**WHAT THE EXERCISE ASKS:** Nothing should appear in the answer except the lines below from the line containing "Trotzdem ist er" through the line containing "Dispozice zahrnuje 2", copied exactly, with pictures left out.
MATERIAL PROVIDED Start Marker
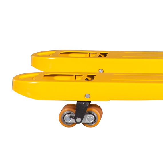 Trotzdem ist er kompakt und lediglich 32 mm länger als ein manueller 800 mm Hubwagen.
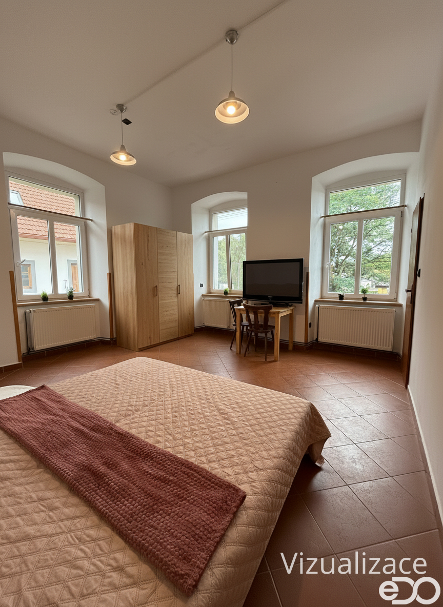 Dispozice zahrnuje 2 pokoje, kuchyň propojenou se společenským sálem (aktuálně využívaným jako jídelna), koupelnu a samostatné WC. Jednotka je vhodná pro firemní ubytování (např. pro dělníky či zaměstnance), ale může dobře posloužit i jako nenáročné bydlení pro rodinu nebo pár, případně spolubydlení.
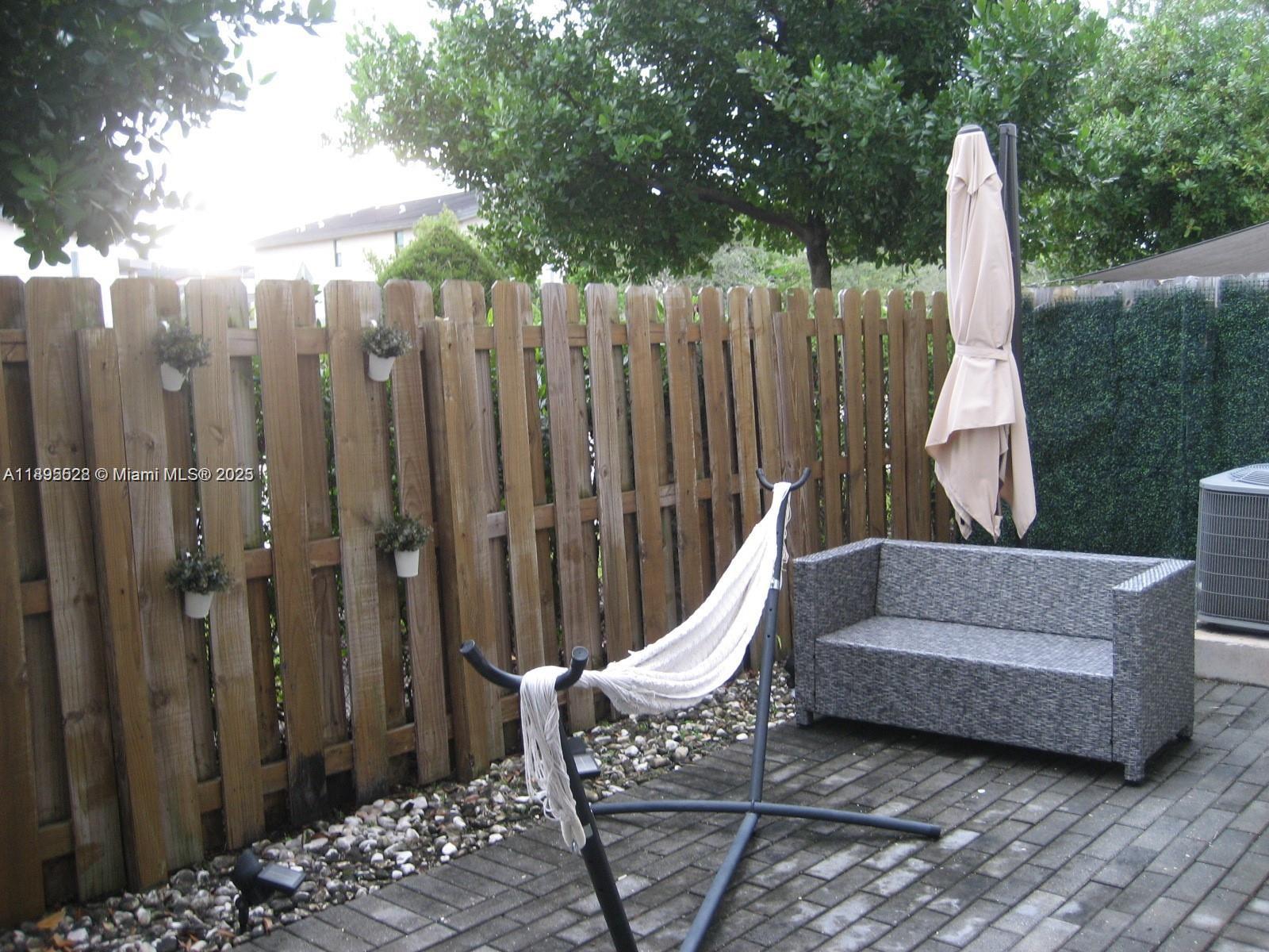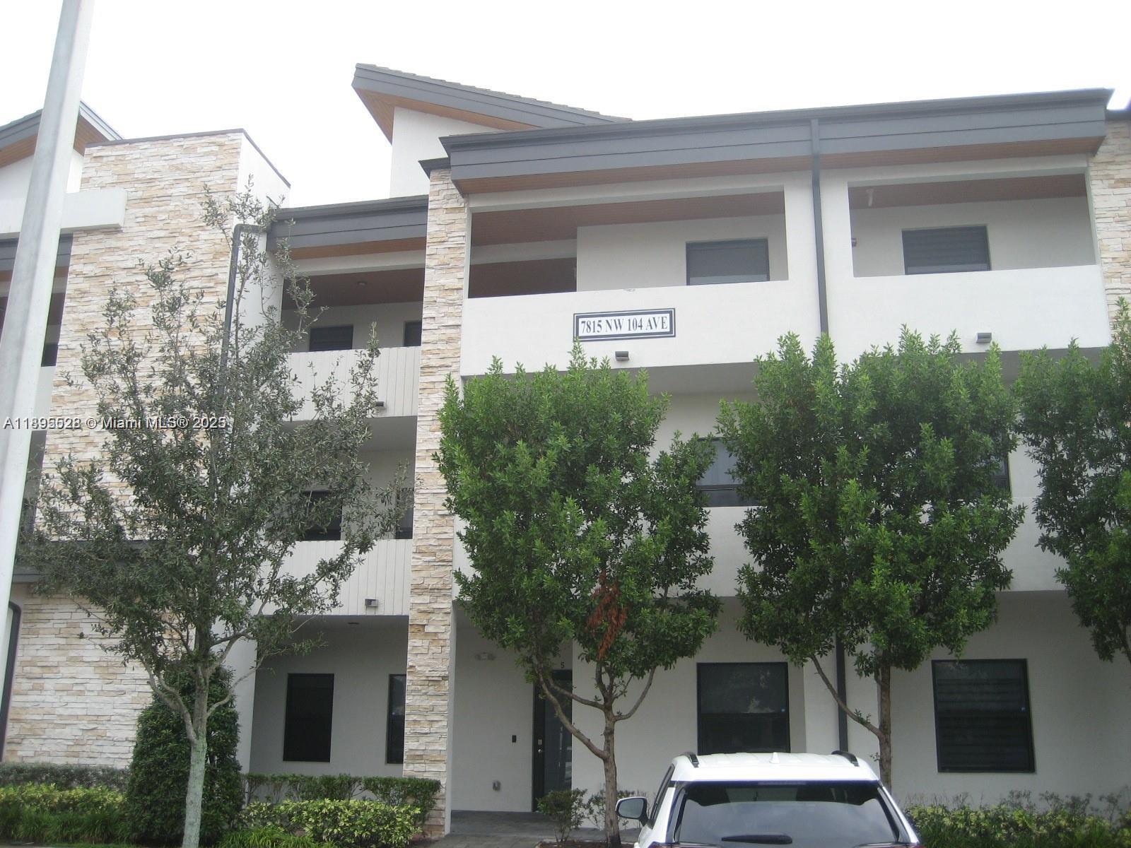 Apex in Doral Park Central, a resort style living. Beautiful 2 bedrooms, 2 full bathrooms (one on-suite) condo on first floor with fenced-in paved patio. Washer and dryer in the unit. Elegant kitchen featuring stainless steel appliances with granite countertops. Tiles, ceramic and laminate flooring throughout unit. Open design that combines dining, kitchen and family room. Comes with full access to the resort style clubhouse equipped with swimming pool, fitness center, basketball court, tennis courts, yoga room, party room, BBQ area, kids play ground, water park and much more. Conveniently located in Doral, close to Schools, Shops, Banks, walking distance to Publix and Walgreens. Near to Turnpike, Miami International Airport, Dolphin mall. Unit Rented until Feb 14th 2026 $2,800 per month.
MATERIAL PROVIDED End Marker
MATERIAL PROVIDED Start Marker
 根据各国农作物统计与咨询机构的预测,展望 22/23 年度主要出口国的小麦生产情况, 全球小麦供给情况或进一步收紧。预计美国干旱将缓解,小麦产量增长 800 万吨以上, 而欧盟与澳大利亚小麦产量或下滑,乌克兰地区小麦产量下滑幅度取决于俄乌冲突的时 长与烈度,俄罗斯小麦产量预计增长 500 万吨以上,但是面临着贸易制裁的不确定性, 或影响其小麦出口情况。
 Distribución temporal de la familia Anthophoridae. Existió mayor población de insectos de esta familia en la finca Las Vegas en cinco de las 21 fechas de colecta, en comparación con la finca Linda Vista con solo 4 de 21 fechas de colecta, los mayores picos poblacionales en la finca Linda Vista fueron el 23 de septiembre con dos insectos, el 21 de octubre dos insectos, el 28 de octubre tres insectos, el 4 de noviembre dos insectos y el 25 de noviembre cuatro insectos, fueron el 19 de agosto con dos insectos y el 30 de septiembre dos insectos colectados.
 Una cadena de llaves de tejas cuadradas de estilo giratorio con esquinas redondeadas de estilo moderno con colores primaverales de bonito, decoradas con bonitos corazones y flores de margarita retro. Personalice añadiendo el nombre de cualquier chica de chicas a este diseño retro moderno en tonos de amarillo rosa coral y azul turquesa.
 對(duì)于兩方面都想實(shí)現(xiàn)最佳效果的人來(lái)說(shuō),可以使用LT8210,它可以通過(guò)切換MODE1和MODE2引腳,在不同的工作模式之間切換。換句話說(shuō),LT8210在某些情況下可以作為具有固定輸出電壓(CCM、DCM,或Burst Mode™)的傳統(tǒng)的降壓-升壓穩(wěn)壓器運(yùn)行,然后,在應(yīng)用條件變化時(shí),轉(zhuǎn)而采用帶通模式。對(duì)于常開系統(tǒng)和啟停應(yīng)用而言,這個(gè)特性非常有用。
MATERIAL PROVIDED End Marker
**ANSWER BELOW:**
 Trotzdem ist er kompakt und lediglich 32 mm länger als ein manueller 800 mm Hubwagen.
 Dispozice zahrnuje 2 pokoje, kuchyň propojenou se společenským sálem (aktuálně využívaným jako jídelna), koupelnu a samostatné WC. Jednotka je vhodná pro firemní ubytování (např. pro dělníky či zaměstnance), ale může dobře posloužit i jako nenáročné bydlení pro rodinu nebo pár, případně spolubydlení.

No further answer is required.